Archived Blog

Mass Injection of Chinese College Web Sites

08.14.2009 - 3:00 AM

Recently, since Microsoft released information about new vulnerabilities in MS Office and DirectShow in July, attacks spreading through the infection of thousands of legitimate Web sites have increased sharply in the wild. Coinciding with the student recruitment period after the Chinese National College Entrance Examination, the Web sites of universities and some higher education institutions have become the major targets of attackers. The attackers capitalize on the infected college Web pages to spread mass trojans which can steal sensitive information or even lead to system crashes.

Websense Security Labs has been tracking almost 1000 Web sites for Chinese universities and higher education institutions that have been injected since late July. Although some Web sites have now been cleaned up, the number of affected sites remains high and most sites are injected continuously with malicious JavaScript.

Below we sum up the characteristics of the campaign.

The first feature is the large sphere of influence. This campaign affects a lot of Web sites for colleges and related educational institutions all over the country. Websense ThreatSeeker Network has detected that approximately 40 percent of the total college and related educational sites within China are being injected. A great many first-class universities in China like Peking University, People's University of China, and Fudan University have suffered this attack.

The chart below shows the number of compromised Chinese college sites in this attack.

The second feature is that attackers capitalize on lots of vulnerabilities, especially the most recently released ones since July. Take one infected university Web site as an example.

The screenshot of the injected site:

From the screenshot we can see that the same malicious JavaScript code has been injected many times in one page. The JavaScript content and its redirection payload is shown below:

The script redirects to four malicious pages which capitalize on different vulnerabilities. Their targeting vulnerabilities are:

Firefox Corrupt JIT state after deep return from native functionHeap (MFSA 2009-41);
Microsoft DirectShow(msvidctl.dll) vulnerability (MS09-032);
Microsoft Office Web Components Spreadsheet ActiveX vulnerability (MS09-043);
Adobe Acrobat and Reader Collab 'getIcon()' JavaScript Method Remote Code Execution Vulnerability (CVE-2009-0927).

The third feature of the injection campaign is the constantly evolving injection codes. It seems that the attackers use a randomizer to generate this kind of JavaScript, but ultimately they all point to similar exploits. In the case of the injection on the university site mentioned above, we found that the injected JavaScript had changed several times in a short span of ten days. The screenshot below shows the change in the injected code.

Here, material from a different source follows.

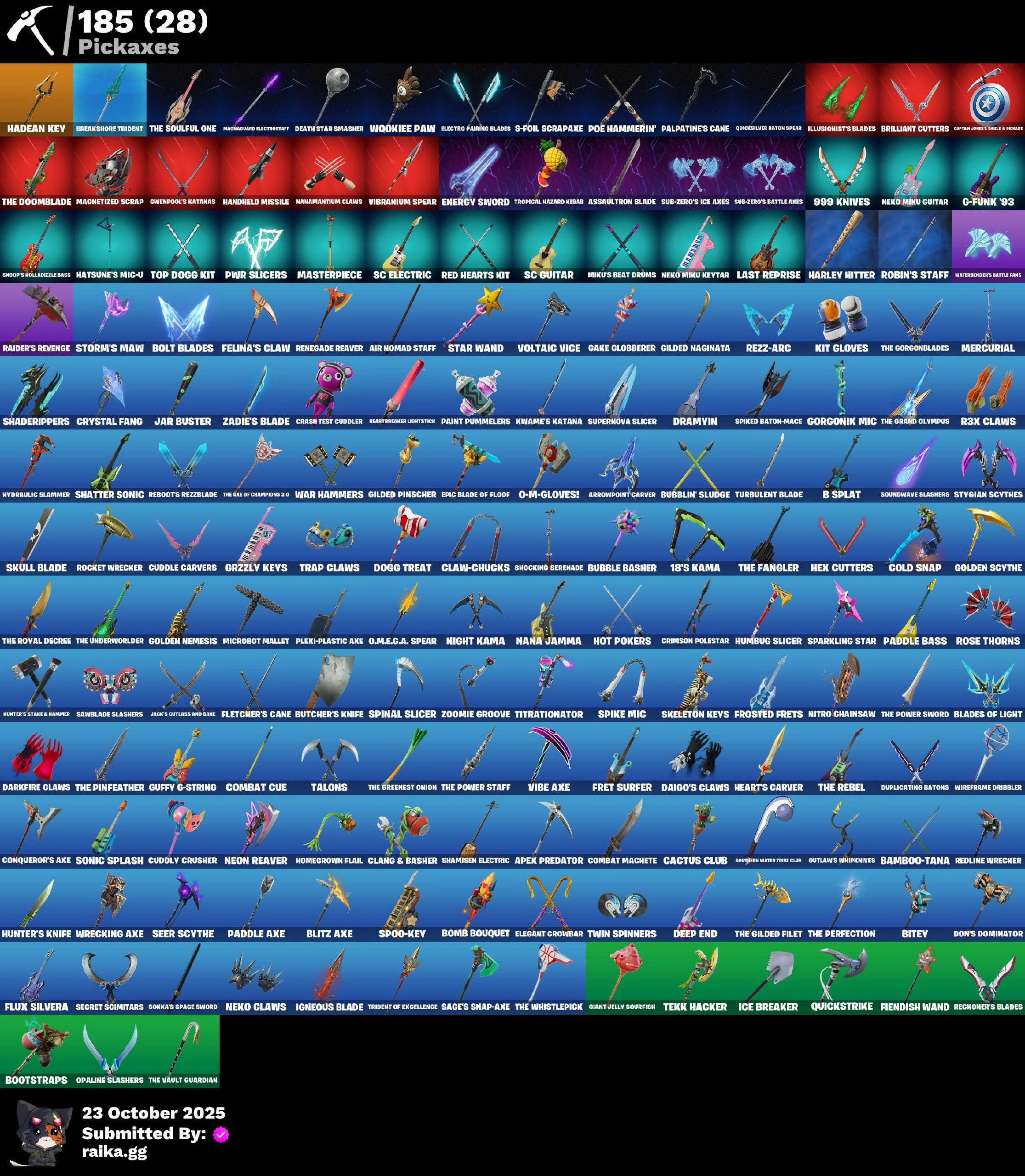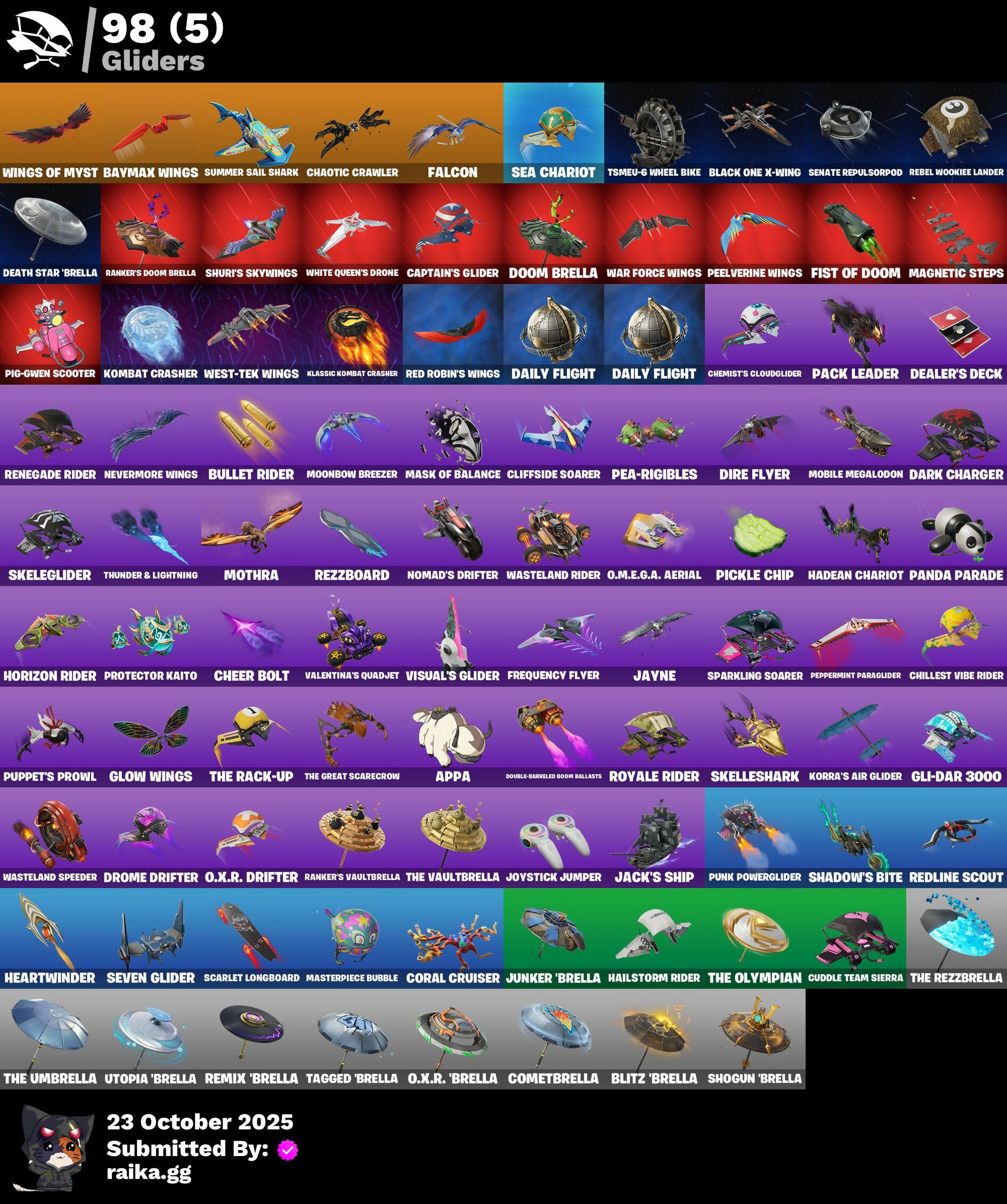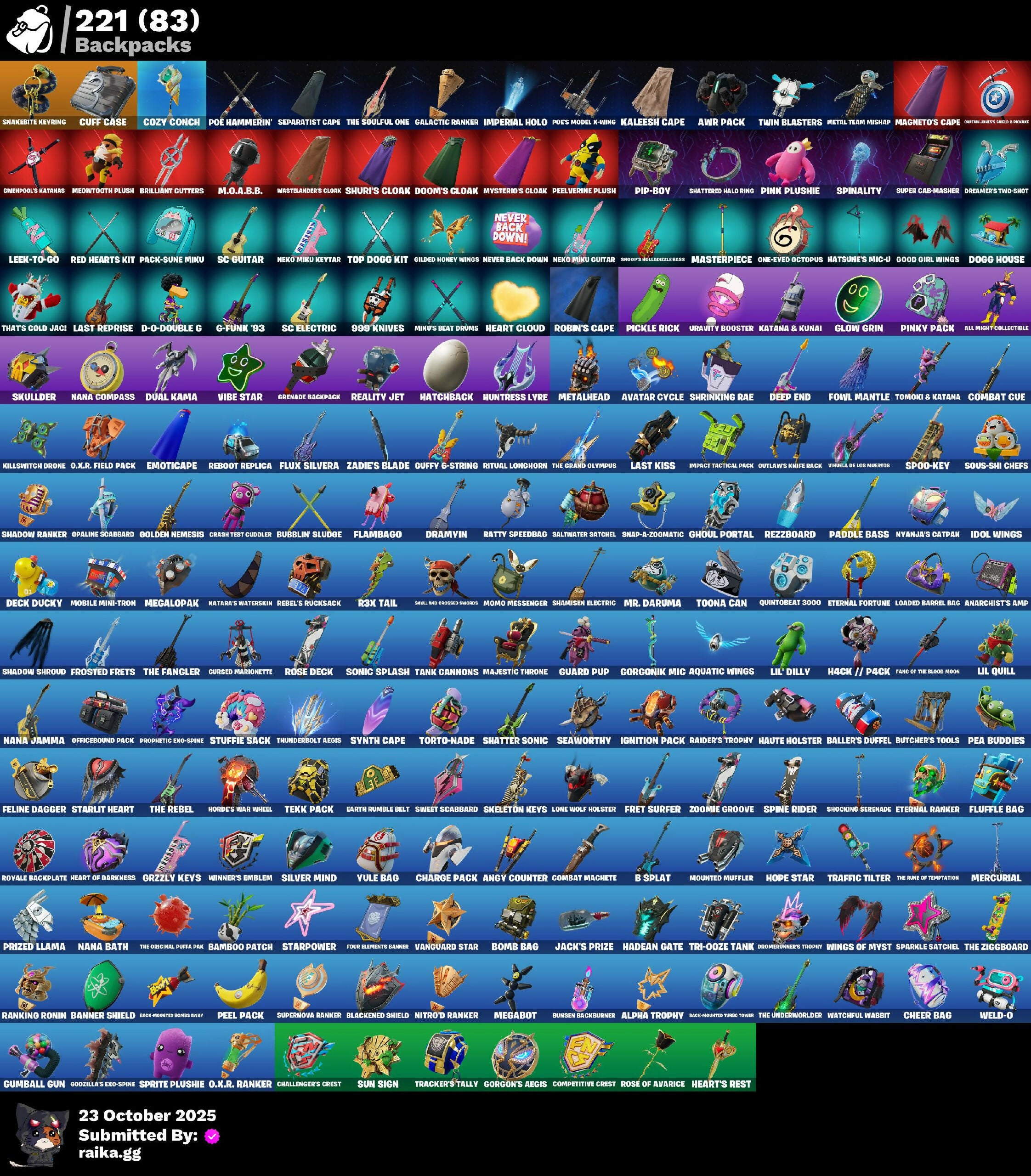 'Peel'd Face, (Snikt!), 1-Ball, 18's Kama, 999 Knives, AWR Pack, AWR Trooper, Aang, Aang's Air Sphere, Ace Pilot Poe, Ad Victoria M!, Adventure Peely, Aerial Assault Bomber, Aerial Classic, Aerial Swagger, Agent Patch, Air Nomad Staff, All I Want For Christmas Is You, All Might Collectible, Alpha Altimeter, Alpha Trophy, Anarchist's Amp, Andy Fangerson, Angy Counter, Apex Predator, Aphrodite, Appa, Apprentice Evie, Aquatic Wings, Arcane Research, Arctic Achiever, Armored Victory, Arrowpoint Carver, Art The Hack, Artemis, Ascend!, Assaultron Blade, Athleisure Assassin, Augury, Auntie Dot, Aura, Avatar Aang, Avatar Cycle, Avatar State Aang, Avatar's Flourish, Avla Winn, Aw, Shucks., Awr Armor, Axo's Big Moment, B Splat, B.R.U.T.E. Gunner, Babygirl!!, Back-Mounted Boss's Way, Back-Mounted Turbo Tower, Backlash, Balanced, Ball Control, Baller's Duffel, Bam-Boom!, Bamboo Patch, Bamboo-Tana, Banner Shield, Baron Kane, Baron's Hoard, Battle Blessing, Battle Bus Ballers Logo, Battle Gamer Mae, Battle Ready Poe, Baymax Wings, Beat Breaker, Belt It!, Bernie, Bi-Han, Big Dill, Big Smooch, Bike To Go, Bird Call, Birdarang Flourish, Birthday Bud, Bitev, Black Knight T-60 Power Armor, Black Leader, Black One X-Wing, Black Panther (Shuri), Black Queen, Blackened Shield, Blades of Light, Blazing Fire Cerberus, Blitz 'Brella, Blitz Axe, Bolt Blades, Bomb Bag, Bomb Bouquet, Bone Breaker, Bones, Boogie Down, Bootstraps, Bow Go, Break Point Ultra, Breakshore Trident, Brilliant Cutters, Brite & Speedy, Brite Bomber, Brite Hatsune Miku, Brite Moves, Brite Raider, Bruno's Blue Heart, Bubble Basher, Bubblin' Sludge, Buccaneer, Bullet Rider, Bunsen Backburner, Burning Sparks, Butcher's Knife, Butcher's Tools, Buzz Beat, By The Horns, Cactus Club, Cake Clobberer, Camo War Machine, Cap Attack, Caper, Captain Janew's Shield & Pickaxe, Captain Jones, Captain Jones (Pen & Ink), Captain Llamerica, Captain Phasma, Captain's Glider, Carbon Scarlet, Carmine Rosso, Cassidy Quinn, Cauldron Chill, Cerberus, Cerberus Bite, Cerberus Medallion, Chalked Up 1-Ball, Challenger Cerberus, Challenger's Crest, Chaos Directive, Chaos Director, Chaotic Crawler, Charge Pack, Cheer Bag, Cheer Bolt, Chemist's Cloudglider, Chigusa, Chillest Vibe Rider, Choose Naughty, Choose Your Alignment, Chord Kahele, Chun-Li, Clang & Basher, Classic Peelverine, Claw-Chucks, Cliffside Soarer, Codsworth's Cleanup, Cold Snap, Color Splash Jellie, Combat Cue, Combat Machete, Come Get Me!, Cometbrella, Competitive Crest, Competitor Medusa, Competitor Rust, Conch Call, Confident Iridia, Conjuring Mysterio, Conqueror's Axe, Conqueror's Charge, Conqueror's Claim, Conqueror's Stare, Controlled Chaos, Coral Cruiser, Corrosive Stripe, Corrosive Tag, Cosmic Legacy, Cosmos, Cournight Mares Logo, Courtside Axo, Cozy Conch, Cozy Holidays, Crash Test Cuddler, Crashed Chiller, Crashed Shield, Crimson Polestar, Cross Your Heart, Cross' Grand Entrance, Crowning Achievement, Crystal Fang, Ctl, Cuddle Bears Logo, Cuddle Carvers, Cuddle Team Sierra, Cuddle Team Specialist, Cuddle's Garden, Cuddly Crusher, Cuff Case, Cursed Marionette, D-O-Double G, Da Bomb, Daigo, Daigo's Claws, Daigo's Stance, Daily Flight, Dali, Dancefloor Diva, Dancin' Domino, Danica, Dark Charger, Dark Gwenpool, Dark Longhorn, Darkfire Claws, Darklands Brite Raider, Deal'em Cassidy Quinn, Dealer's Deck, Death Star 'Brella, Death Star Smasher, Deck Ducky, Deep End, Demon Hunter Hope, Determined Kendo, Determined Korra, Die With A Smile, Die with a Smile Bruno, Digital Dream, Dill With It, Dillicious, Dillinger The Gherk, Dino Megazord, Dire Flyer, Dire Goat, Dire Moon, Direct The Chaos, Disassemble, Diva Fever, Diva's Dancefloor, Diva's Grin, Dogg House, Dogg Treat, Don Of The Wastes, Don Target, Don's Dominator, Don't Mess With Patch, Doom, Doom Brella, Doom's Cloak, Doom's Domain, Doombringer's Trophy, Double-Barreled Boom Ballasts, Double-Suited Queen, Dough On The Go, Dramvin, Dreamer's Two-Shot, Drift Face, Drift Rifts Logo, Drip Queen, Drippin' Flavor, Drome Drifter, Dual Kama, Duelist's Card Trick, Dupli-Kate, Duplicating Batons, Duplikates, Durrr Face, Durrr Taisho, Dusk Knight, Dyna-Boom!, Dynamic Tintina, Dynamo, Dynamo Tintina, Dynamo Tntoon-A, Earth Rumble Belt, Eat Slurp, Electro Pairing Blades, Elegant Crowbar, Elemental Cycle, Elite's Sigil, Elysian Artemis, Elysium, Emma Frost, Emma's Influence, Emoticape, Emperor Palpatine, Emperor's Might, Energized Godzilla, Energy Sword, Epic Blade of Floof, Eternal Fortune, Eternal Hunt, Eternal Ranker, Eternal Renegade, Evie's Force Balance, Evie's Saber Attack, Evil Plan, Evolved Heat Ray, Eyes Of The Cuddle Team, Falcon, Fang of the Blood Moon, Feel The Force, Felina, Felina's Claw, Feline Dagger, Feral Finisher, Festival Lace, Fiendish Wand, Fire Show, Fireworks Salvo, Fish Face, Fishstick, Fishy, Fishy Flourish, Fist Bump, Fist Of Doom, Flambago, Flash Of Lightning, Fletcher Kane, Fletcher's Cane, Flow, Flow Bones, Fluffle Bag, Flux Silvera, For O.X.R.!, Force Lightning, Forsaken Eye, Four Elements Banner, Fowl Mantle, Frequency Flyer, Fret Surfer, Front Page Pose, Frosted Frets, Frozen Treat Cart, Full Moon Fletcher Kane, Future Goat, Futuristic, G-Funk '93, Galactic Ranker, General Grievous, Get Griddy, Get H.O.T., Gg Cuddlez, Ghoul Portal, Giant Jelly Sourfish, Gilded Heart, Gilded Honey Wings, Gilded Naginata, Gilded Pinscher, Gli-Dar 3000, Glory To Latveria, Glow Grin, Glow Wings, Go Megazord!, Goat Sticks Logo, Godzilla Awaits, Godzilla Evolved, Godzilla's Exo-Spine, Golden Conqueror, Golden Ghoul, Golden Grin, Golden Nemesis, Golden Scythe, Golden Wolf, Gong-Gi Great, Good Game!, Good Girl Wings, Good Sportsmanship, Gorgon's Aegis, Gorgonik Mic, Gothic Morgan, Grenade Backpack, Grievous Stare, Grim Grin, Grim King Hades, Groovy!, Grzzly Keys, Guard Pup, Guff, Guffy 6-String, Guffy G-String, Gumball Gun, Gummy Fishstick, Gunmetal Idol, Gwen-step, Gwenpool, Gwenpool's Glee, Gwenpool's Katanas, Gwetterman Jacket, Hack // Pack, Hadean Chariot

The fourth feature is that the malicious codes are injected into the pages in multiple ways. We investigated the infected college sites and found 3 common methods used by the attackers.

  1. Direct JavaScript injection.
  2. Obfuscated JavaScript code injection.
  3. Iframe injection.

Examples of each method are below:

This chart shows the percentage of each kind of injection:

From the chart we can see that the obfuscated JavaScript is the most important means of injection, taking up over 50 percent of the total. In summary, all of these injection methods are easy to implement for attackers and difficult to detect for users, meaning that more and more innocent users are involved in this injection campaign.

This campaign not only targets mass college Web sites, but is also spreading widely in other sites in China. At the moment, the number of compromised college sites is still very high, maintaining a level of around 800 sites. We will continue to monitor this attack and publish anything interesting.